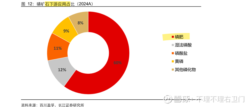 1-磷矿石下游应用主要为磷肥占比60%,湿法磷酸占比12%和磷酸盐占比11%。
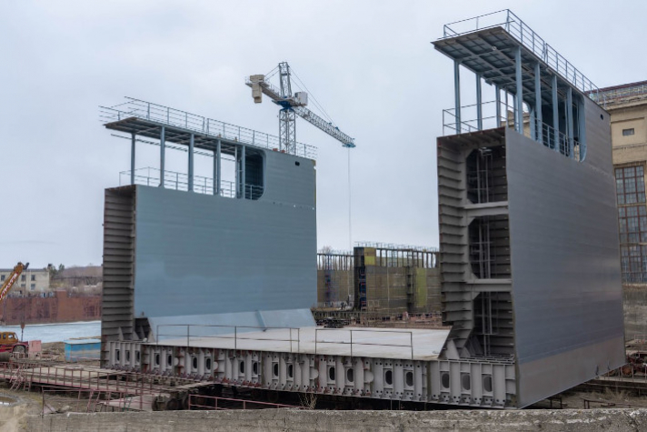 Корабелы АСЗ вывели на стапель очередной блок дока-понтона "Амурец"
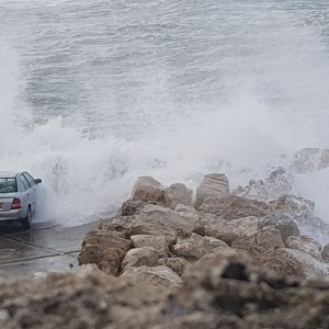 صو - أمواج البحر في عكا تعلو اسوارها بفعل العاصفة
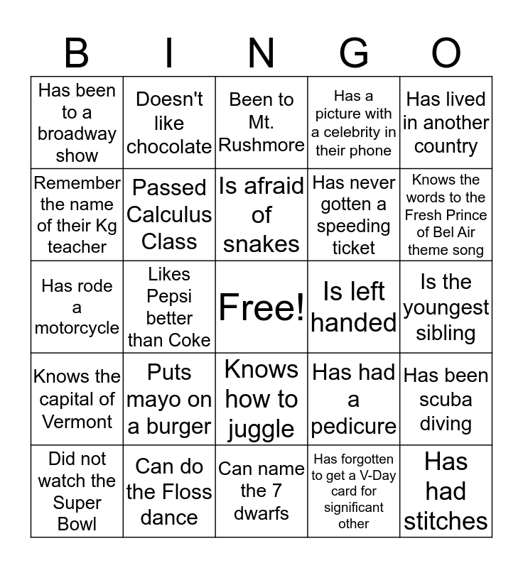 This bingo card has a free space and 24 words: Puts mayo on a burger, Can do the Floss dance, Is afraid of snakes, Did not watch the Super Bowl, Has lived in another country, Has been to a broadway show, Remember the name of their Kg teacher, Doesn't like chocolate, Is left handed, Knows how to juggle, Has never gotten a speeding ticket, Has rode a motorcycle, Has had a pedicure, Has been scuba diving, Passed Calculus Class, Has forgotten to get a V-Day card for significant other, Is the youngest sibling, Been to Mt. Rushmore, Knows the words to the Fresh Prince of Bel Air theme song, Likes Pepsi better than Coke, Has had stitches, Knows the capital of Vermont, Has a picture with a celebrity in their phone and Can name the 7 dwarfs.
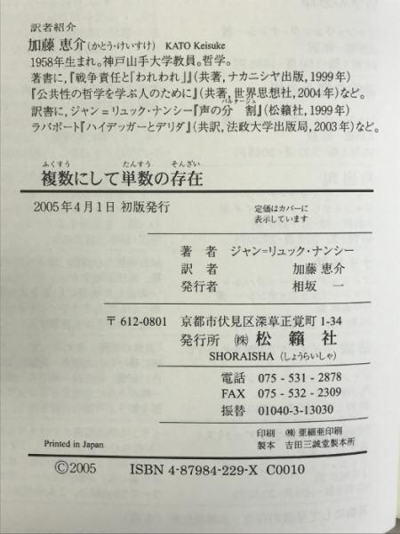 複数にして単数の存在 松籟社 ジャン=リュック ナンシー
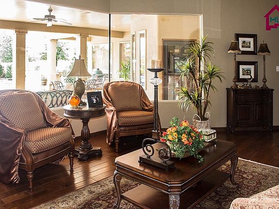 Elegance & Comfort is Waiting for You Here at Sonoma Ranch. This Southwestern Style Home is Approx 3492 Sq.Ft., 3 Bedrooms + Office, 3.5 Baths, 2 Eating & Living Areas, 2 Master Suites, Kitchen is Chef's Fantasy with Jen-air Appliances, Custom Built Cabinets & Doors, Storage Galore, Fireplace, Radiant Heat under the Hardwood Floors in the Dinning Room, Office & Entry Areas. The Master offers Walk-In Closet, Jetted Tub, Shower/Steamer, 2 dressing areas, The Home is heated & Cooled by 2 Heating and Cooling Systems. Outside offers Oversize 3 Car Garage, Outdoor Kitchen, In Ground Pool, Covered Patio For Great Entertaining & all Accented by Full Views of the Organ Mountains and Sonoma Ranch Golf Course.
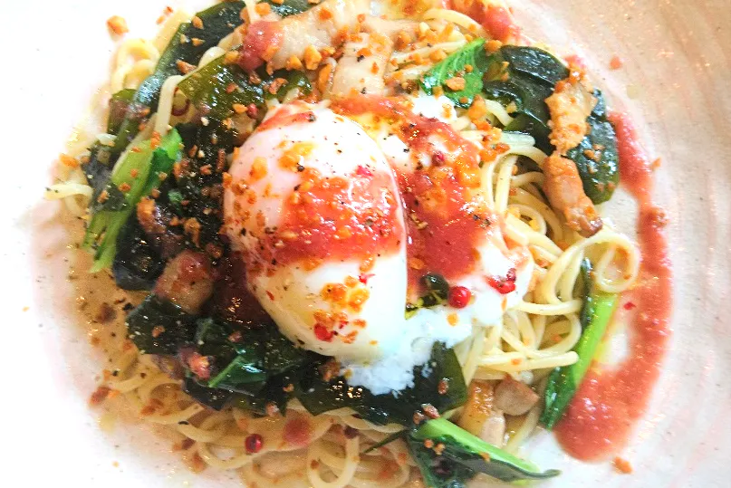 〈レシピ一例〉さかもとサルサのスパゲッティ「ぺぺたま」
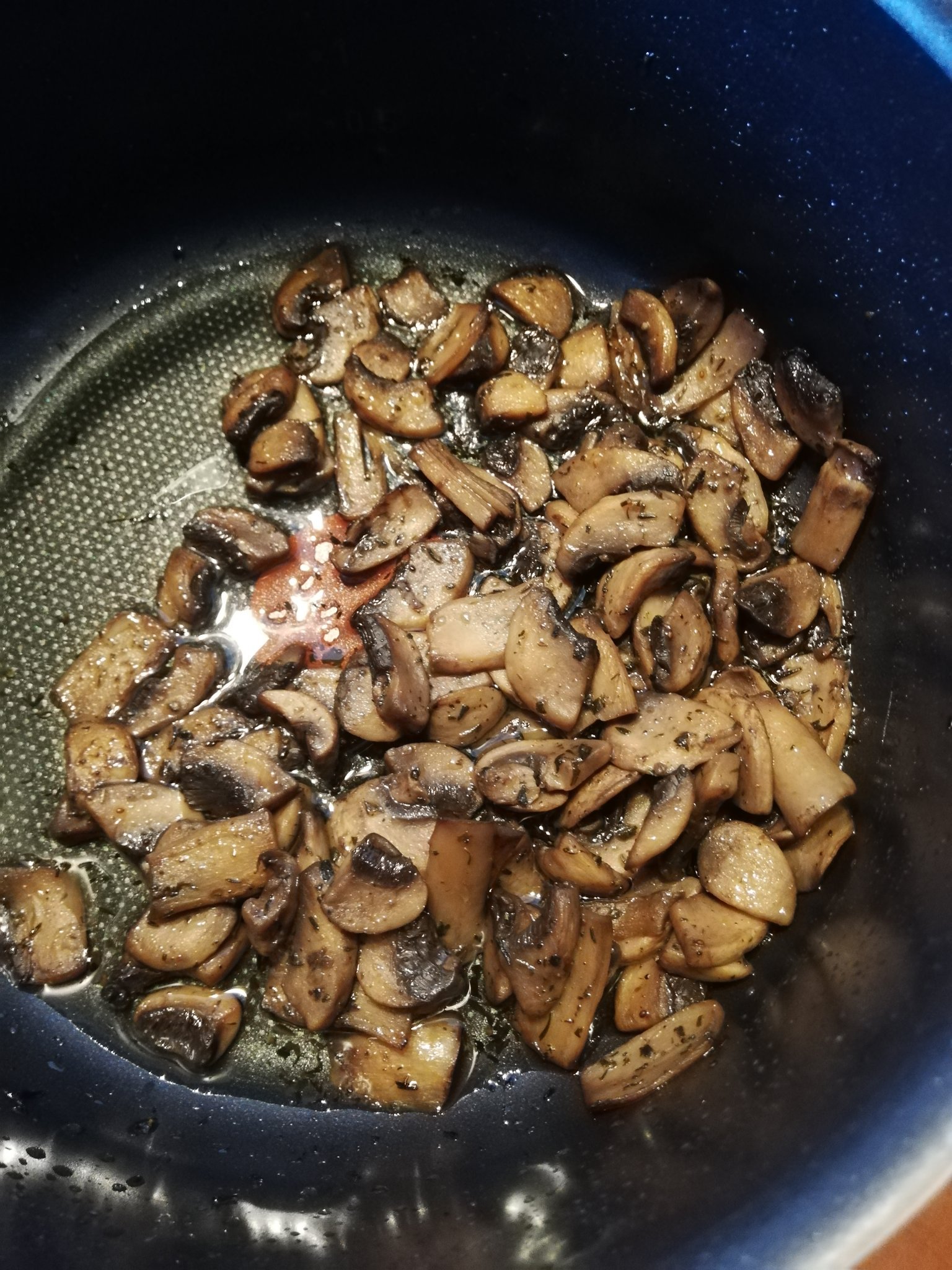 Почистваме гъбите и ги нарязваме на дълго.Добавяме подправките и маслото/както се вижда на снимката, съм го сложила на доста места, а не разтопено /. Добавяме 200мл вино или вода, покривам е със фолио и печем 40минути. След това махаме фолиото и запичаме. Идеалното мезе, за Бяло вино.🥂
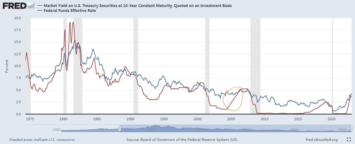 要回答这个问题首先需要弄清楚美联储2004年开始加息后究竟发生了什么事?美联储从2004年7月开始连续加息,一直到2006年7月,利息从1加到5.25,但同期美国十年期国债利率基本没有变化,
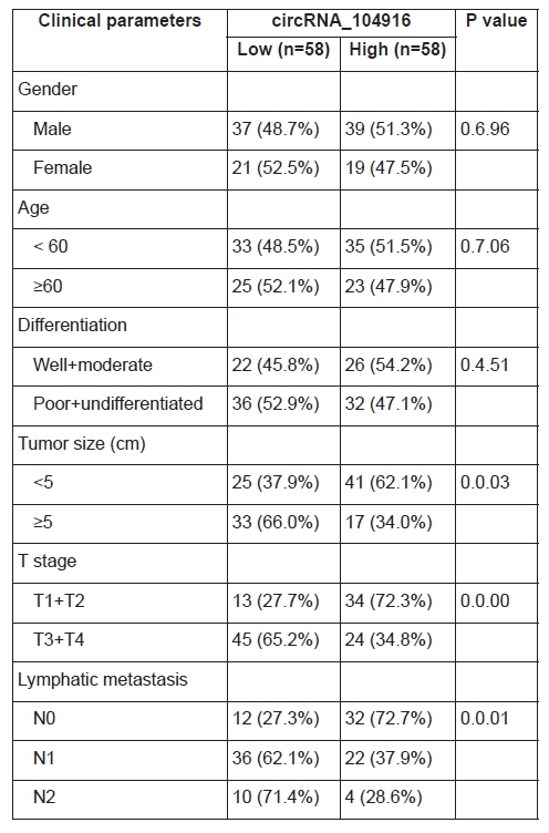 To evaluate the correlation between the relative circRNA_104916 expression and clinicopathological parameters, we divided the cohort into two groups as the median value (0.5.34). The chi-square tests (Table 1) showed that the relative circRNA_104916 expression was negatively correlated with tumor size (P = 0.0.03), T stage (P = 0.0.00) and lymphatic metastasis (P = 0.0.01), but no significant difference was observed between circRNA_104916 expression and other parameters (gender, age and differentiation degree). Furthermore, patients with higher degree of T staging (T1 + T2 versus T3 +T4; P <0.0.01; Figure 1D), those with lymphatic metastasis (N0 versus N1, P <0.0.5; N0 versus N2, P <0.0.1; Figure 1E), and those with larger tumor diameters (< 5cm versus ≥ 5cm, P < 0.0.5) inclined to have lower relative circRNA_104916 expression. And that patients in high circRNA_104916 group had a better performance for disease-free survival (DFS; could not determine the median value, yet) than those in low circRNA_104916 group (median, 865.0. ± 161.9. days) evaluated via Kaplan-Meier analysis (Figure 1C).
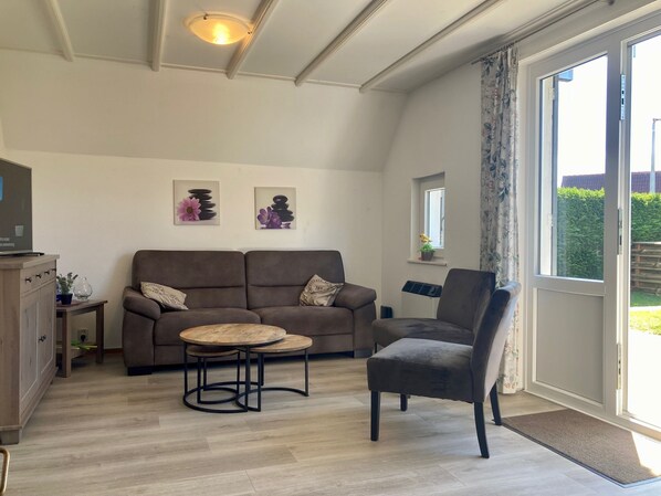 Die komfortabel eingerichtete Wohnzimmer mit Holzofen und gut ausgestatteter offener Küche (unter anderem mit Mikrowelle und Dolce Gusto-Maschine) hat direkten Zugang zur Sonnenterrasse auf der Südseite des Hauses.
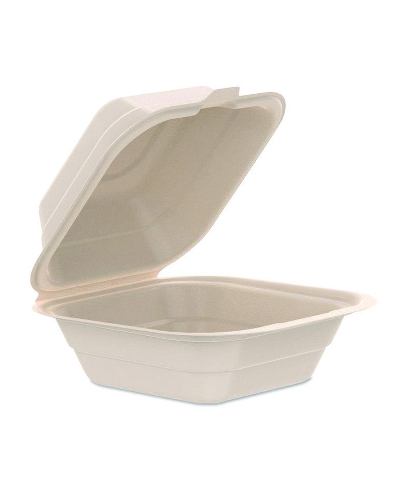 A forward-thinking twist on the classic carryout container! Elevate your takeout and delivery with bagasse containers that have no intentionally added PFAS. Cut-resistant containers are the perfect packaging for salads, sandwiches and entrées. Save time preparing orders thanks to the hinged lid design. Stable stacking and secure closure help securely package and transport meals. Serve hot and cold foods with confidence. These microwaveable containers are suitable for customers to reheat and enjoy. Whether you're delivering the best takeout in town, dishing up food truck fare or serving dinner at the deli counter, these hinged lid containers made from bagasse provide a sustainable and high-quality solution.
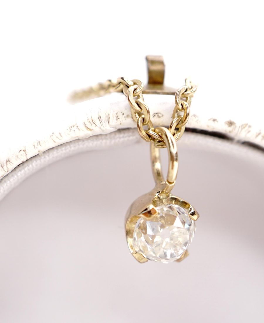 Gefasst wurde ein schöner strahlender Diamant-Solitär mit ca.0.50ct im Altschliff, er misst ca.4.5mm im Durchmesser und auch 4.5mm in der Tiefe. Der Diamant ist von einem leicht getönten Weiss (I) und er ist von einer vvs2 Reinheit. Mit Aufhängung misst der Anhänger knapp 9mm und er wiegt unter 1g

■ INSTRUCTIONS TO FOLLOW ■
Output everything in the material exactly. Pictures stay out of it.

■ TASK ANSWER ■
 1-磷矿石下游应用主要为磷肥占比60%,湿法磷酸占比12%和磷酸盐占比11%。
 Корабелы АСЗ вывели на стапель очередной блок дока-понтона "Амурец"
 صو - أمواج البحر في عكا تعلو اسوارها بفعل العاصفة
 This bingo card has a free space and 24 words: Puts mayo on a burger, Can do the Floss dance, Is afraid of snakes, Did not watch the Super Bowl, Has lived in another country, Has been to a broadway show, Remember the name of their Kg teacher, Doesn't like chocolate, Is left handed, Knows how to juggle, Has never gotten a speeding ticket, Has rode a motorcycle, Has had a pedicure, Has been scuba diving, Passed Calculus Class, Has forgotten to get a V-Day card for significant other, Is the youngest sibling, Been to Mt. Rushmore, Knows the words to the Fresh Prince of Bel Air theme song, Likes Pepsi better than Coke, Has had stitches, Knows the capital of Vermont, Has a picture with a celebrity in their phone and Can name the 7 dwarfs.
 複数にして単数の存在 松籟社 ジャン=リュック ナンシー
 Elegance & Comfort is Waiting for You Here at Sonoma Ranch. This Southwestern Style Home is Approx 3492 Sq.Ft., 3 Bedrooms + Office, 3.5 Baths, 2 Eating & Living Areas, 2 Master Suites, Kitchen is Chef's Fantasy with Jen-air Appliances, Custom Built Cabinets & Doors, Storage Galore, Fireplace, Radiant Heat under the Hardwood Floors in the Dinning Room, Office & Entry Areas. The Master offers Walk-In Closet, Jetted Tub, Shower/Steamer, 2 dressing areas, The Home is heated & Cooled by 2 Heating and Cooling Systems. Outside offers Oversize 3 Car Garage, Outdoor Kitchen, In Ground Pool, Covered Patio For Great Entertaining & all Accented by Full Views of the Organ Mountains and Sonoma Ranch Golf Course.
 〈レシピ一例〉さかもとサルサのスパゲッティ「ぺぺたま」
 Почистваме гъбите и ги нарязваме на дълго.Добавяме подправките и маслото/както се вижда на снимката, съм го сложила на доста места, а не разтопено /. Добавяме 200мл вино или вода, покривам е със фолио и печем 40минути. След това махаме фолиото и запичаме. Идеалното мезе, за Бяло вино.🥂
 要回答这个问题首先需要弄清楚美联储2004年开始加息后究竟发生了什么事?美联储从2004年7月开始连续加息,一直到2006年7月,利息从1加到5.25,但同期美国十年期国债利率基本没有变化,
 To evaluate the correlation between the relative circRNA_104916 expression and clinicopathological parameters, we divided the cohort into two groups as the median value (0.5.34). The chi-square tests (Table 1) showed that the relative circRNA_104916 expression was negatively correlated with tumor size (P = 0.0.03), T stage (P = 0.0.00) and lymphatic metastasis (P = 0.0.01), but no significant difference was observed between circRNA_104916 expression and other parameters (gender, age and differentiation degree). Furthermore, patients with higher degree of T staging (T1 + T2 versus T3 +T4; P <0.0.01; Figure 1D), those with lymphatic metastasis (N0 versus N1, P <0.0.5; N0 versus N2, P <0.0.1; Figure 1E), and those with larger tumor diameters (< 5cm versus ≥ 5cm, P < 0.0.5) inclined to have lower relative circRNA_104916 expression. And that patients in high circRNA_104916 group had a better performance for disease-free survival (DFS; could not determine the median value, yet) than those in low circRNA_104916 group (median, 865.0. ± 161.9. days) evaluated via Kaplan-Meier analysis (Figure 1C).
 Die komfortabel eingerichtete Wohnzimmer mit Holzofen und gut ausgestatteter offener Küche (unter anderem mit Mikrowelle und Dolce Gusto-Maschine) hat direkten Zugang zur Sonnenterrasse auf der Südseite des Hauses.
 A forward-thinking twist on the classic carryout container! Elevate your takeout and delivery with bagasse containers that have no intentionally added PFAS. Cut-resistant containers are the perfect packaging for salads, sandwiches and entrées. Save time preparing orders thanks to the hinged lid design. Stable stacking and secure closure help securely package and transport meals. Serve hot and cold foods with confidence. These microwaveable containers are suitable for customers to reheat and enjoy. Whether you're delivering the best takeout in town, dishing up food truck fare or serving dinner at the deli counter, these hinged lid containers made from bagasse provide a sustainable and high-quality solution.
 Gefasst wurde ein schöner strahlender Diamant-Solitär mit ca.0.50ct im Altschliff, er misst ca.4.5mm im Durchmesser und auch 4.5mm in der Tiefe. Der Diamant ist von einem leicht getönten Weiss (I) und er ist von einer vvs2 Reinheit. Mit Aufhängung misst der Anhänger knapp 9mm und er wiegt unter 1g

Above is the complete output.